Gökhan Durmuş geçtiğimiz hafta sonu plansız gerçekleştirilen sokağa çıkma yasağı nedeniyle cumartesi günü on binlerce gazetenin çöp olduğunu, salgına karşı bu tarz önlemlerin alınabileceğini ama öncesinde bunun planlaması gerektiğini belirtti ve “Zaten gazeteler bir aydır ciddi bir tiraj kaybı yaşıyor ve önümüzdeki günlerde bu kayıp daha da artacak.” dedi.

TGS Genel Başkanı şöyle devam etti: “İlk olarak İçişleri Bakanlığının cumartesi ve pazar günkü gazetelerin okuyucuya ulaşmaması nedeniyle yaşadığı zararı karşılaması gerekiyor. İkinci olarak ise Basın İlan Kurumu resmi ilanları gazetelerin web sitelerine ekonomik bir kayıp olmayacak şekilde vererek basılı gazetelere yayınlanmama hakkı tanımalıdır. Ancak bunu işçi çıkarmama koşuluna bağlamalı ve hem çalışanları hem de medya kuruluşlarını korumalıdır.

Türkiye’de şartlar normale döndüğü zaman ise gazeteler yayın hayatına geri dönmelidir.”

YETKİLİLER GAZETELERİN GELECEĞİNİ DÜŞÜNMEK ZORUNDA

Sınır Tanımayan Gazeteciler (RSF) Türkiye Temsilcisi ve Bianet Medya Özgürlüğü Raportörü Erol Önderoğlu koronavirüs gibi tüm topluma yönelik tehditlerle ilgili tedbir alan bir devlet, günlük gazetelerin yayın şartlarını öngörmeyi unutuyorsa bunun demokratik sayılamayacağını aktardı. Türkiye’de tirajının çok ötesi bir düzeyde, ayrıcalıklı sermaye çevrelerince desteklenen gazeteler olduğu kadar; varlığını okurlarının bayiye gitmelerine bağlı sürdüren, sınırlı sermayeli yayınlar da bulunduğuna dikkat çeken Önderoğlu “Yetkililer, sokağa çıkma yasağına karar kılmadan önce, demokrasinin olmazsa olmazı bu gazetelerin geleceğini de düşünmek zorundadır.” dedi.

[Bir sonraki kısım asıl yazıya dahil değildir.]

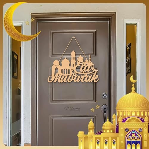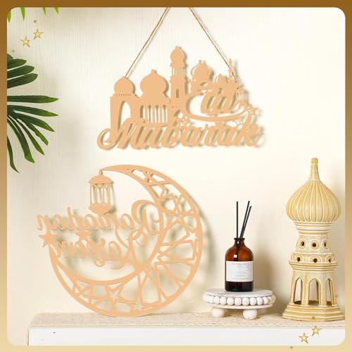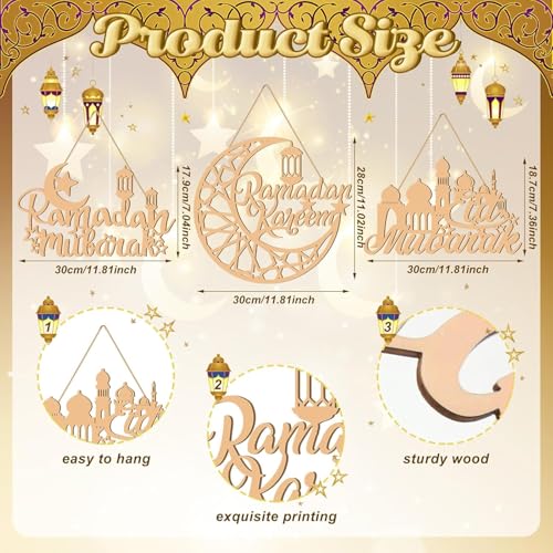 Generic - مجموعة ديكورات رمضان خشبية، لوحة فنية جدارية اسلامية مع كريم، تصاميم مبارك، خشب طبيعي، 30 سم، نمط تعليق، 3 قطع
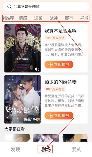 用户可点击页面下方的剧场入口,进入专属剧场界面后,便能从精选、新剧、情感、逆袭等七大类目里,挑选心仪的内容分类来观看。
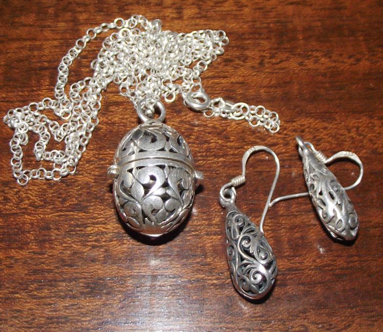 Unusual silver locket shaped pieced Pomander/perfumer/smelling salts on silver chain ( marked internally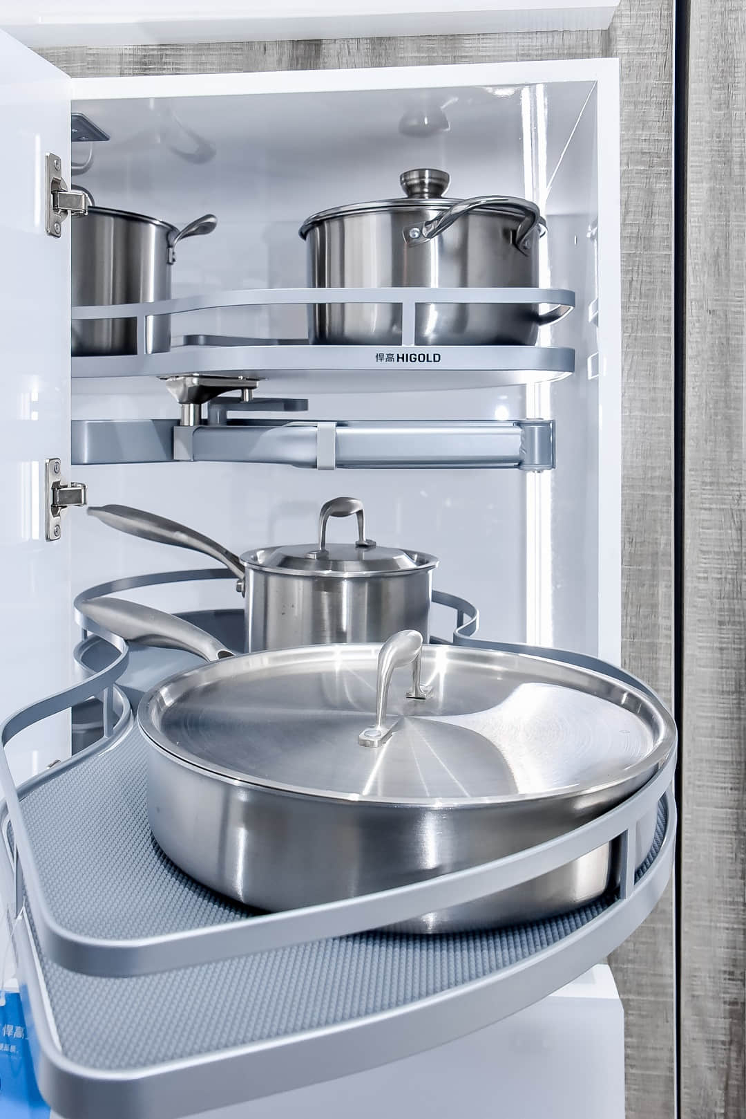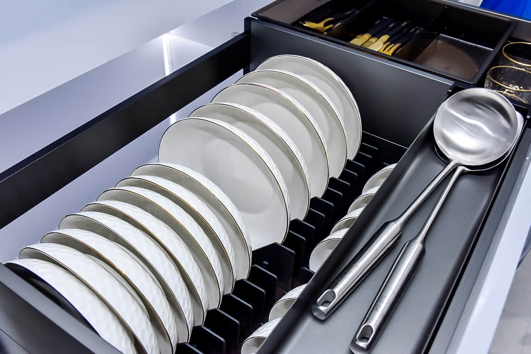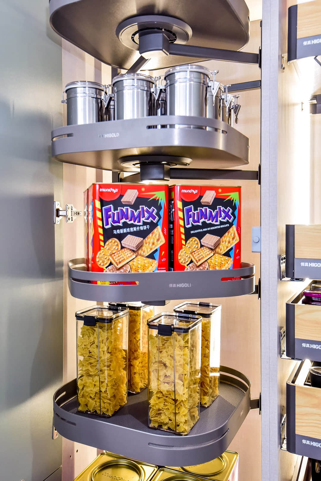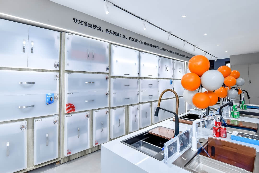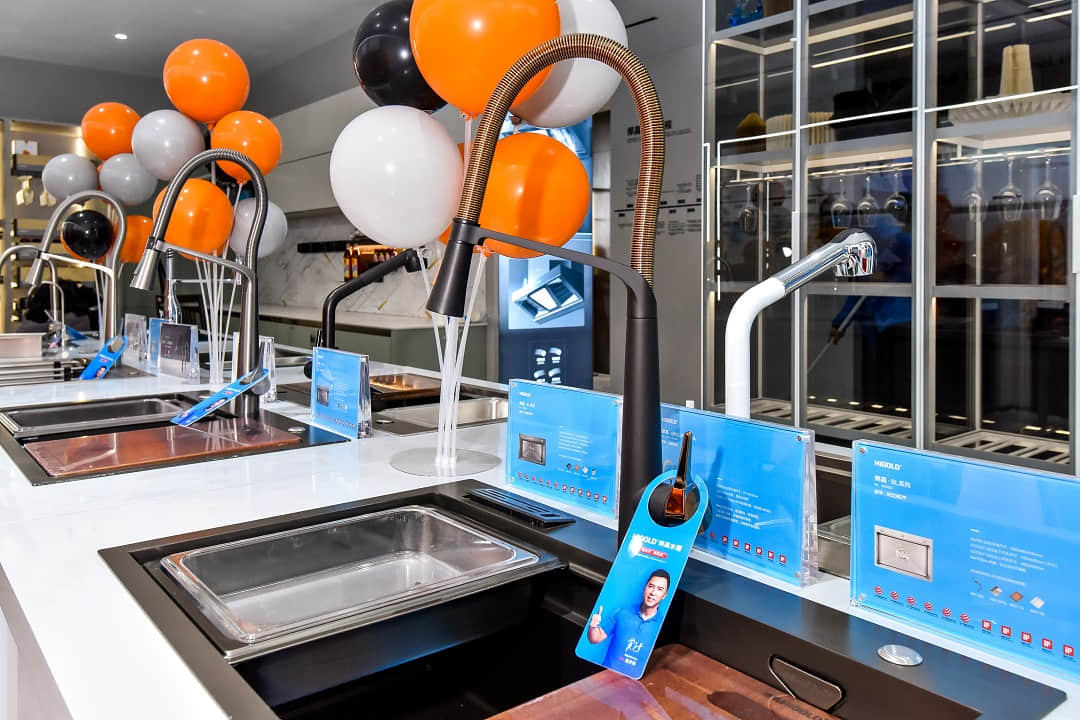 悍高哈尔滨旗舰店展厅空间规划为厨房功能五金、衣柜功能五金、基础五金、水槽龙头、装饰五金、智能厨电、卫浴五金区域,消费者到店即可体验一站式的全屋五金解决方案。

Önderoğlu şöyle devam etti: “Ancak normal şartlarda çoğu sindirilmeye çalışan bu gazetelerle medeni bir diyalog içine girmek de, bize kalırsa, demokratik yönetim anlayışını zorunlu kılıyor. Dileyelim ki, bir dahaki sokağa çıkma yasağı öncesi gazete yönetimleri zamanında bilgilendirilir ve geçen hafta sonu tanık olduğumuz kayıtsızlığı unutturur. Bunun bir sonraki adımı mutlaka, güç durumdaki yayın kuruluşlarına finansal desteği öngörmek olmalıdır.”

BASIN İŞ: GAZETELERİ DÜŞÜNMEDİLER

DİSK Basın İş Genel Başkanı Faruk Eren ise gazetelerin normalde de zor durumda olduğunu, iktidara biat etmeyen gazetelerin Basın İlan Kurumu aracılığıyla ekonomik baskı altına alındığını hatırlatarak “Bunun üzerine bir de Kovid-19 salgını nedeniyle tirajlar, reklam gelirleri düştü. Bunun bir nedeni de insanların bayilere gidip gazete almaktan çekinmesi elbette.” dedi.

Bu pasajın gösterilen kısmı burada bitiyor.